Home Hacking News A security researcher has ported three leaked NSA exploits to work on all Versions of Windows OS

A security researcher has ported three leaked NSA exploits to work on all Versions of Windows OS

by Harikrishna Mekala

The three exploits are EternalChampion, EternalRomance, and EternalSynergy; all three dripped last April by a hacking group known as The Shadow Brokers who said to have stolen the code from the NSA.

Several exploits and hacking tools were written in the April 2017 Shadow Brokers dump, the most important being EternalBlue, the exploit used in the WannaCry, NotPetya, and Bad Rabbit ransomware crashes.

While EternalBlue grew a favorite tool among malware authors, the Shadow Brokers dump also included many lesser-known exploits.

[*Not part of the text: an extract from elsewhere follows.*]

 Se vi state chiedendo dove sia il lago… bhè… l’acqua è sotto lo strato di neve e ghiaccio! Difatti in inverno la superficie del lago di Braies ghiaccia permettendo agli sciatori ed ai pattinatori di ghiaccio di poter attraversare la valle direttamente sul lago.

The reason many of these didn’t become public was that they only worked a small number of Windows versions, and did not sustain recent Windows distributions.

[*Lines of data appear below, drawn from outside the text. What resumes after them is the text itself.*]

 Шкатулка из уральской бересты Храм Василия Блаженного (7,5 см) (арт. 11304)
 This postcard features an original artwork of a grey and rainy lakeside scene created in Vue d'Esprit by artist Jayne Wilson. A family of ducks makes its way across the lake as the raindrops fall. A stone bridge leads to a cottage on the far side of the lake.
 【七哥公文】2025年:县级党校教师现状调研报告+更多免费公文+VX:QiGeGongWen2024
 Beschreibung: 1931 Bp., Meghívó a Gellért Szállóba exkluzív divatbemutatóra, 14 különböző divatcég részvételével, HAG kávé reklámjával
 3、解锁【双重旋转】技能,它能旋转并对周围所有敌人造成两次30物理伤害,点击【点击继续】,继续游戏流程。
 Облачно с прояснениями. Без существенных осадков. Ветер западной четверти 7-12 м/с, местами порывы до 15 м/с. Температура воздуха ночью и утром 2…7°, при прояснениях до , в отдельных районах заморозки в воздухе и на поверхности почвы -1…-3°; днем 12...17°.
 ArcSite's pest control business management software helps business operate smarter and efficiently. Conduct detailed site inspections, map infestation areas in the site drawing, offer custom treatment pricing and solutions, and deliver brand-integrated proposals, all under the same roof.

Now, RiskSense security researcher Sean Dillon@zerosum0x0 has adjusted the source code for some of these lesser-known exploits so they would be able to work and run SYSTEM-level system on a wide variety of Windows OS versions.

The researcher has recently joined these modified versions of EternalChampion, EternalRomance, and EternalSynergy into the Metasploit Framework, an open-source penetration testing project.

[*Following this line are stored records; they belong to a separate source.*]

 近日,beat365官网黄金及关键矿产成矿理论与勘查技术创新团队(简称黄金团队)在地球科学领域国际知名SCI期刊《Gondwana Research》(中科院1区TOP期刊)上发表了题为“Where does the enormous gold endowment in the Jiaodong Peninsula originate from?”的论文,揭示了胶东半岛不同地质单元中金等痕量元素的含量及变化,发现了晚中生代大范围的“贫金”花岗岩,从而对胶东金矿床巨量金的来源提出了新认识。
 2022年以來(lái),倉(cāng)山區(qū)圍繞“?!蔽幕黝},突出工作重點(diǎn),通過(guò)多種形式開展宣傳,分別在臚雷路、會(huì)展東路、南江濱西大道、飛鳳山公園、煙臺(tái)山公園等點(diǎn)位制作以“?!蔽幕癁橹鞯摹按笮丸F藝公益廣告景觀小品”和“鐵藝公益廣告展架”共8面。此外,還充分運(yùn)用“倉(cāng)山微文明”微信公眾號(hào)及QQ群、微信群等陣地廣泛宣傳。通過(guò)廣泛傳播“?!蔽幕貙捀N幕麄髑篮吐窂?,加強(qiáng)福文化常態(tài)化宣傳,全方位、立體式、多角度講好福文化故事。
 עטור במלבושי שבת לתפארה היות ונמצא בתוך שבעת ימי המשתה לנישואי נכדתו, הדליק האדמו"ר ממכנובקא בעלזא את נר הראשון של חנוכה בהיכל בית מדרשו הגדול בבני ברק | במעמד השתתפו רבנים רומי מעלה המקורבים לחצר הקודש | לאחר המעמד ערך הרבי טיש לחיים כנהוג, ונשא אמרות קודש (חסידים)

Dillon has crafted his revised exploits to take advantage of the resulting vulnerabilities:

CVE-2017-0143 – Type interference between WriteAndX and Transaction requests – EternalRomance/EternalSynergy

CVE-2017-0146 – Race condition with Transaction requests – EternalChampion/EternalSynergy

“Instead of working for shellcode execution, it overwrites the SMB connection assembly structures to gain Admin/SYSTEM session,” Dillon says. “The Metasploit Framework module is leaner stripped down packet count/padding, checks extra defined pipes, sprinkles randomness where possible, and has Metasploit’s psexec DCERPC implementation bolted onto it.”

Dillon says his modified exploits will work on both 32-bit and 64-bit architectures.